Portugal não foi fácil. “Descontextualizada do seu ambiente e cultura, chegou cá e só encontrou adversidades e, ainda por cima, sofreu alguma rejeição por ser chinesa”, declara a autora do livro. O marido também mudou de comportamento, assim que chegaram ao país europeu. “Ela gostava bastante do marido para se sujeitar a várias coisas, o marido chegava a bater-lhe”, recorda.

Mas Peng foi sempre superando os altos e os baixos da vida. “Começou a ganhar a sua vida na costura — ela comprou uma máquina de costura na Feira da Ladra, em Lisboa. Só tinha 25 escudos para pagar, mas valia 250 escudos e o senhor aceitou vendê-la”, conta. “Foi para ela um ganha-pão — começou a fazer aventais de plástico e depois comprou outra máquina, chegando a ter oito máquinas a trabalhar com empregadas e tudo”, acrescenta. Porém, considerando a saúde do marido, tiveram de sair de Lisboa e assentar em Vila Real. “É a segunda vez na vida que perde a sua independência económica”, lamenta a autora.

Na última fase da vida, já estava reformada e, em vez de se limitar a desfrutar, optou por partir para Macau e trabalhar como missionária na China continental.

O contacto com o cristianismo

Nos anos 50, quando Peng chegou a Portugal, mal falava português. “Ela vai à Feira do Livro e encontra um livro em chinês. Perguntou quanto custava e o vendedor disse-lhe que podia levar, que ninguém sabia ler isto”, conta. “Era a altura do maoismo, as pessoas tinham medo. Era uma bíblia e acabou por mudar a vida dela”, diz, acrescentando: “Ela era budista, vegetariana e aqui não encontrou nenhum templo da sua religião”. Começou então a dedicar-se ao cristianismo.
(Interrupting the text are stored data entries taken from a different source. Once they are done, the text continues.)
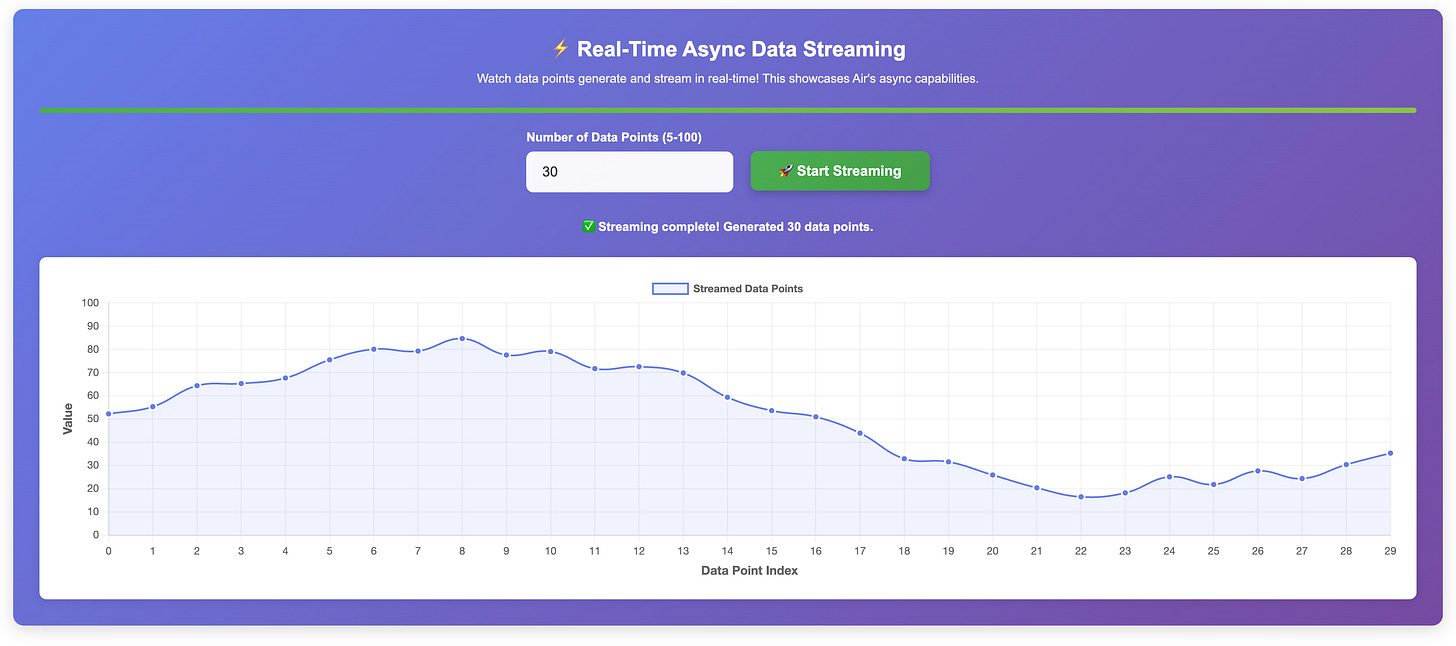 To showcase Air’s async capabilities, I collaborated with the new Claude 4.5 to develop a useful demo. My initial concept was to create a text input where users could enter a number, submit it, and watch a graph update in real time. Claude suggested the app generate that many sequential numbers and update the graph as each new number appeared. The result was an animated visualization that updated dynamically without refreshing the page. Meanwhile, all other page elements remained fully functional and responsive. Seeing this realtime interaction without page reloads was the “magic moment” that really got me excited about what Air offers.
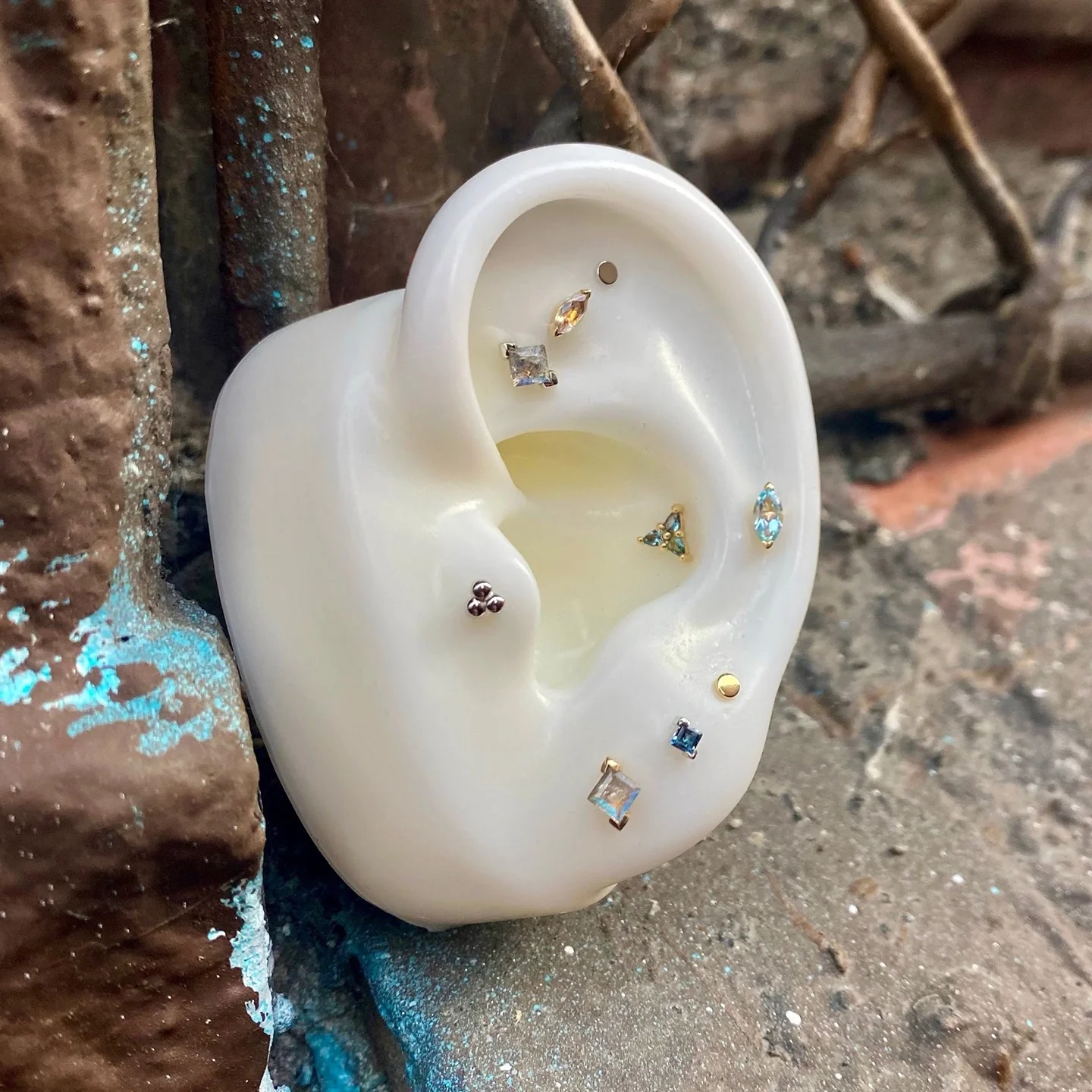 Sweet + lovable, you can never go wrong with these three pear-shaped London Blue Topaz. The gemstones we feature are specially chosen to be the perfect cut and with a nice, vibrant color that will bring your jewelry to a whole new level. 3 little pears fits perfectly in the tragus, lobe, conch, and rook. Adorn with your other jewelry to create a glittering focal point!
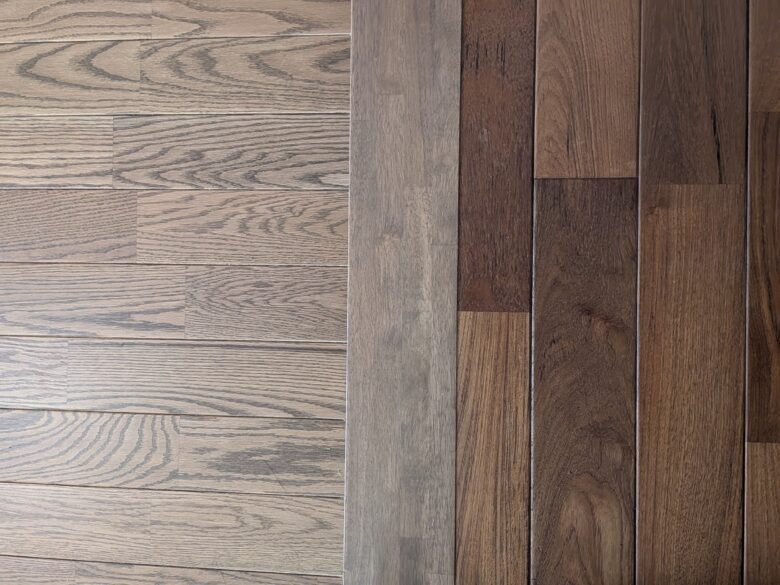 左側がオーク無垢床、右側がチークの挽板です↓

“A minha mãe, com 82 anos, teve um chamamento ‘divino’ e foi como missionária para Cantão”, conta Joaquim Pereira. “Ela conversava com a Rute [filha] e teve um sonho com imagens específicas do sítio onde era, e ela e a minha irmã, ao fim-de-semana, saíam de Macau e iam as duas correr as províncias até encontrar o sítio do sonho”, diz o filho. “Havia duas referências: muitos pobres na rua e um restaurante muito conhecido por causa dos frangos”, acrescenta.

Num desses passeios na China continental, depois de sentir o cheiro a frango assado esbarraram na casa dos sonhos de Peng, na zona de Xi Man Kou, que significa Porta do Oeste, na cidade de Cantão. “Entraram e, olhando pela janela das traseiras, a mãe disse: ‘esta é a rua do meu sonho’”. A partir dessa altura, a mãe quis alugar ali uma casa e iniciar o seu trabalho de evangelismo cristão.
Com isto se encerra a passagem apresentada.